I read https://github.com/JuliaLang/julia/issues/38086#issuecomment-715495220 and wondered if there was something going on with the bounds check (or inbounds propagation).

function arr_sum_both(X)
    val = zero(eltype(X))
    R = CartesianIndices(X)
    @inbounds for i in R
        @inbounds val += X[i]
    end
    val
end

function arr_sum_outeronly(X)
    val = zero(eltype(X))
    R = CartesianIndices(X)
    @inbounds for i in R
        val += X[i]
    end
    val
end

julia> VERSION
v"1.6.0-DEV.1322"

julia> @btime arr_sum($X);
  5.033 μs (0 allocations: 0 bytes)

julia> @btime arr_sum_both($X);
  5.033 μs (0 allocations: 0 bytes)

julia> @btime arr_sum_outeronly($X);
  5.267 μs (0 allocations: 0 bytes)

This may be a separate issue, but it is weird that arr_sum_outeronly is slower.

[johnnychen94]

This is what I get now with two repeated benchmarks:

julia> VERSION
v"1.7.0-DEV.36"

julia> X = rand(4, 4, 4, 4, 4, 4);

julia> @btime arr_sum($X);
  5.540 μs (0 allocations: 0 bytes)
  5.538 μs (0 allocations: 0 bytes)

julia> @btime arr_sum_both($X);
  5.221 μs (0 allocations: 0 bytes)
  5.582 μs (0 allocations: 0 bytes)

julia> @btime arr_sum_outeronly($X);
  5.110 μs (0 allocations: 0 bytes)
  5.223 μs (0 allocations: 0 bytes)

This difference might just be noises.

[kimikage]

I also checked again and found no difference in the native code depending on the position of @inbounds. However, it seems certain that the noise is not random. The internal state of the CPU, such as the caches, may affect it in this case.

On the other hand, in the case of https://github.com/JuliaLang/julia/issues/38086#issuecomment-715495220, there is a clear difference.

[KristofferC]

Seems like this caused a similar problem in https://discourse.julialang.org/t/drop-of-performances-with-julia-1-6-0-for-interpolationkernels/58085 as was fixed in https://github.com/JuliaLang/julia/pull/39333.

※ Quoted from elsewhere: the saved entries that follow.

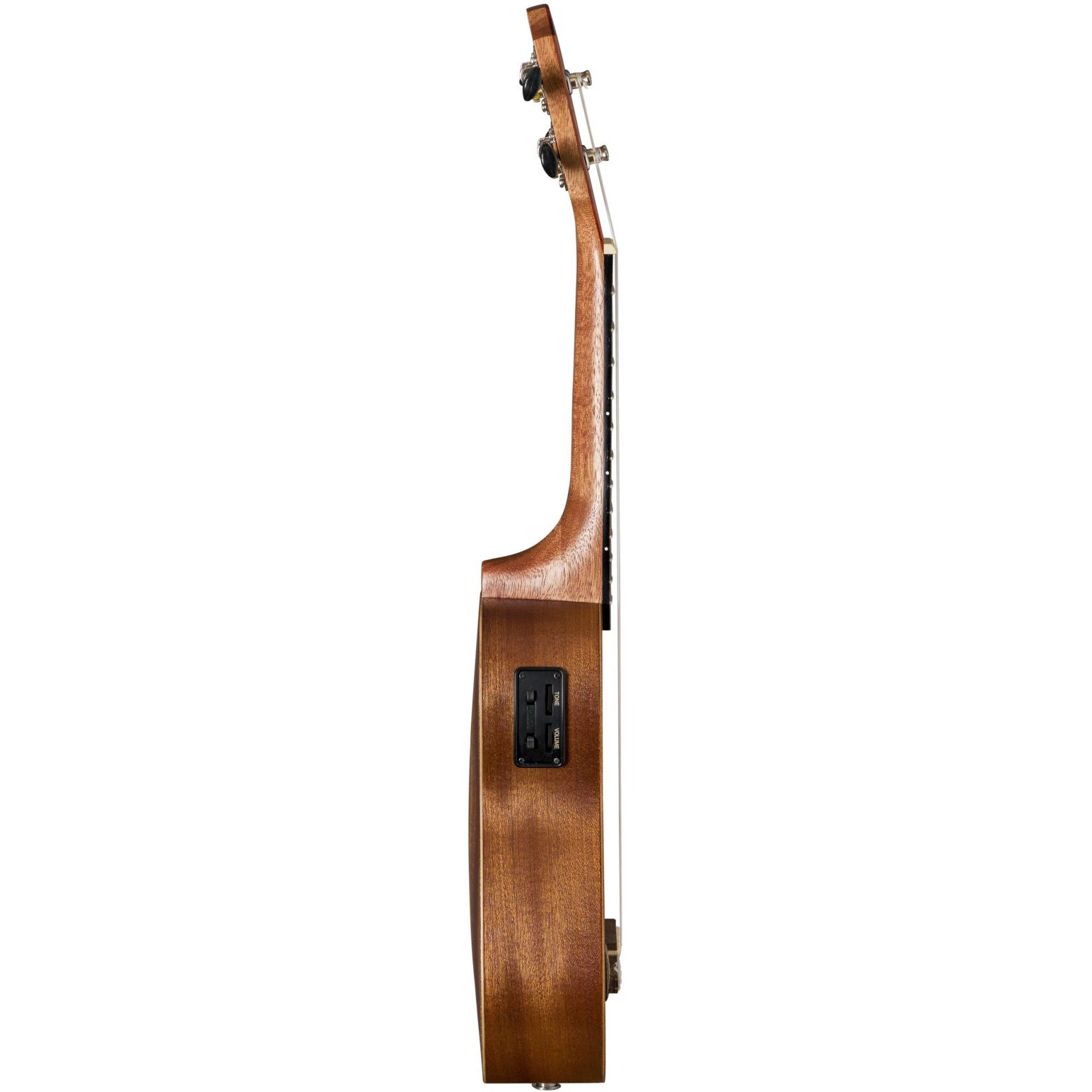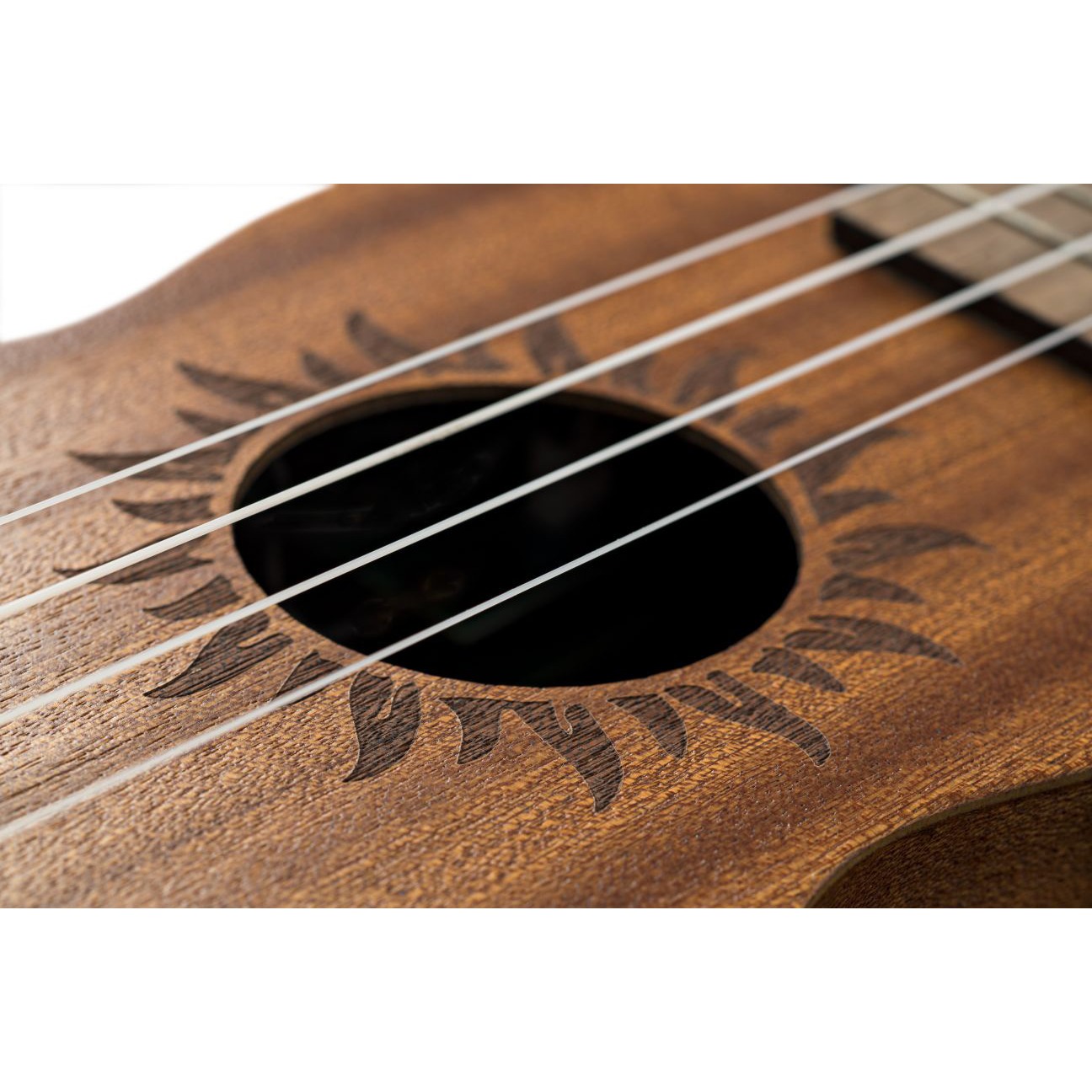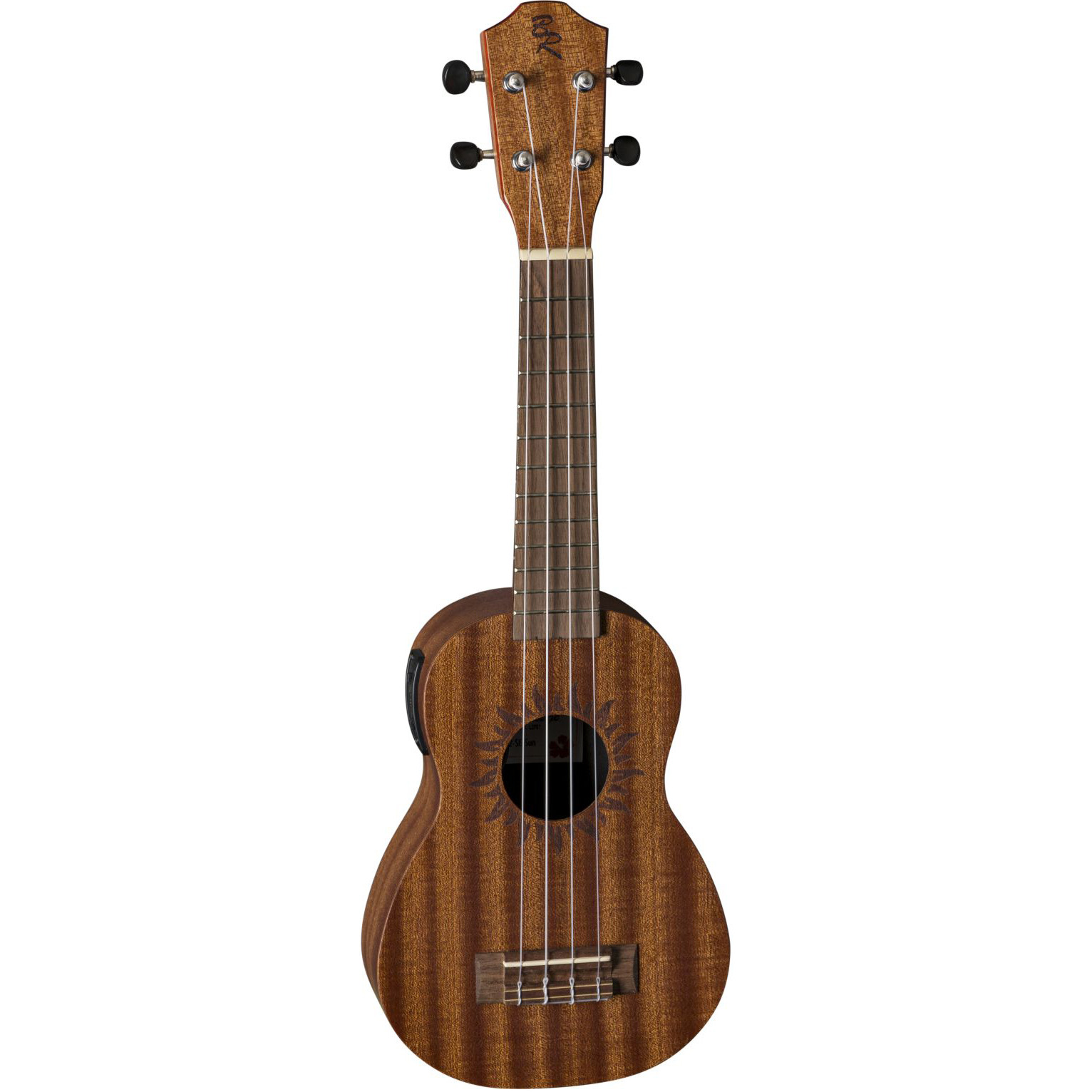 BATON ROUGE V2-SE sun – это миниатюрная гитара-сопрано укулеле с катавеем, чей корпус выполнен из популярного красного дерева. У гитары традиционные 4 струны, 12 ладов и гриф из нато, а овальный вырез в центре (розетка) дополнен лазерной гравировкой солнца по периметру. Накладка на гриф и бридж выполнены и ореха. Порожек и маркеры бриджа выполнены из материала Nubone, который является разновидностью материала TUSQ с похожими тональными характеристиками, но при этом он не гасит вибрацию струн, передавая оптимальные частоты и расширяя гармоники.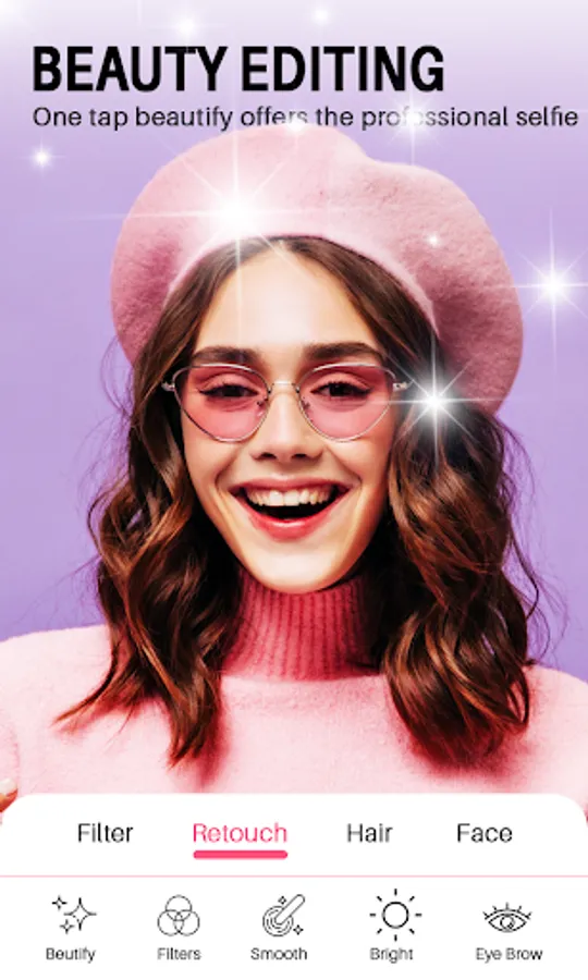 The app also features a wide range of face makeup styles, beauty rffects, professional & beautiful photos from natural to dramatic,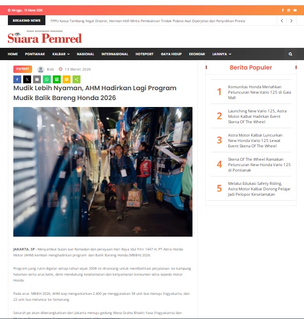 Mudik Lebih Nyaman, AHM Hadirkan Lagi Program Mudik Balik Bareng Honda 2026 by masmul 13 Maret 2026 in Silahkan kunjungi https://www.suarapemredkalbar.com/read/potret/13032026/mudik-lebih-nyaman-ahm-hadirkan-lagi-program-mudik-balik-bareng-honda-2026. You Might Like Regional Public Launching New ADV160 The SUV Pride Grand Launching New PCX 160 Truly Exceptional! Tetap hati-hati ya bro sist berkendara saat hujan.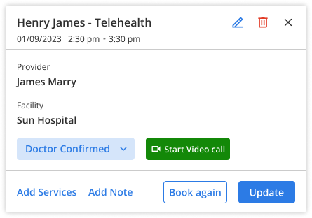 - Launch video visits directly from the scheduled appointment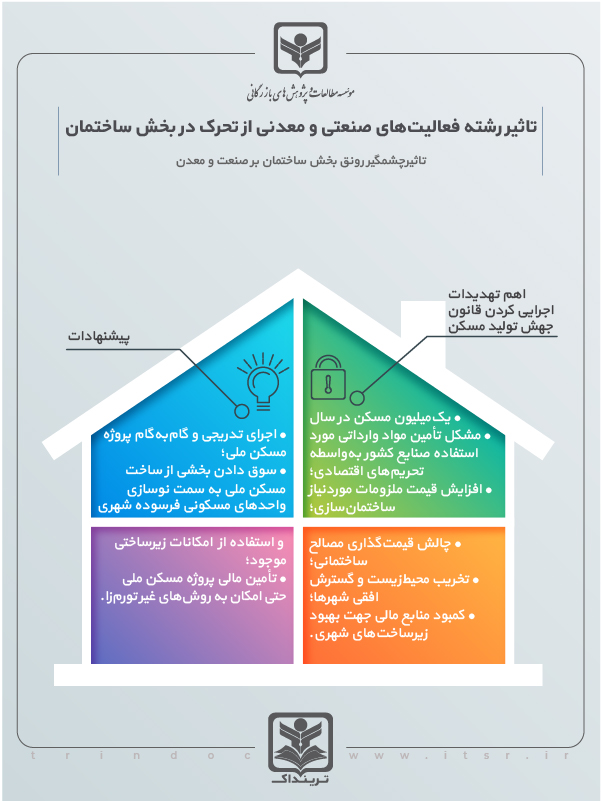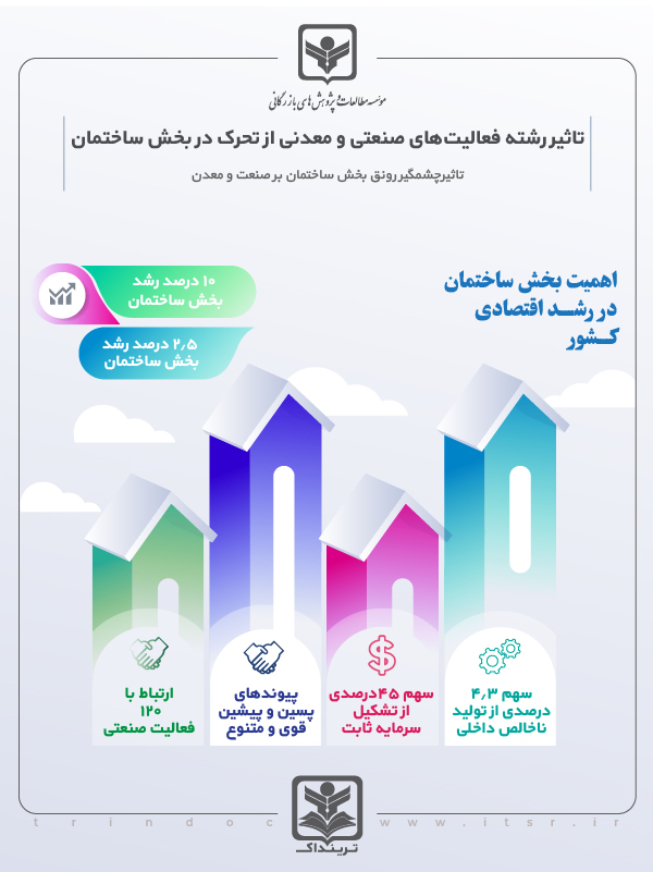 - بخش ساختمان با بیش از 120 رشته صنعتی ارتباط دارد بهگونهای که رونق و رکود این بخش تأثیرات مهمی بر عملکرد بخشهای صنعت و معدن دارد. تحریک تقاضای نهایی بخش ساختمان موجب افزایش تقاضا برای محصولات و تولیدات صنعتی و معدنی خواهد شد؛ و بالعکس کاهش فعالیتهای ساختمانی موجب کاهش تقاضا و رکود در سایر بخشها بهویژه بخشهای تولید و فعالیتهای صنعت و معدن میشود.

https://discourse.julialang.org/t/drop-of-performances-with-julia-1-6-0-for-interpolationkernels/58085/12 has an MWE.

Adding @inbouds @simd outside the Cartesian loop seems to work arund it.

[kimikage]

IIRC, this might have something to do with https://github.com/JuliaLang/julia/issues/39700#issuecomment-781030776

However, I have no knowledge about the countermeasures on the compiler side.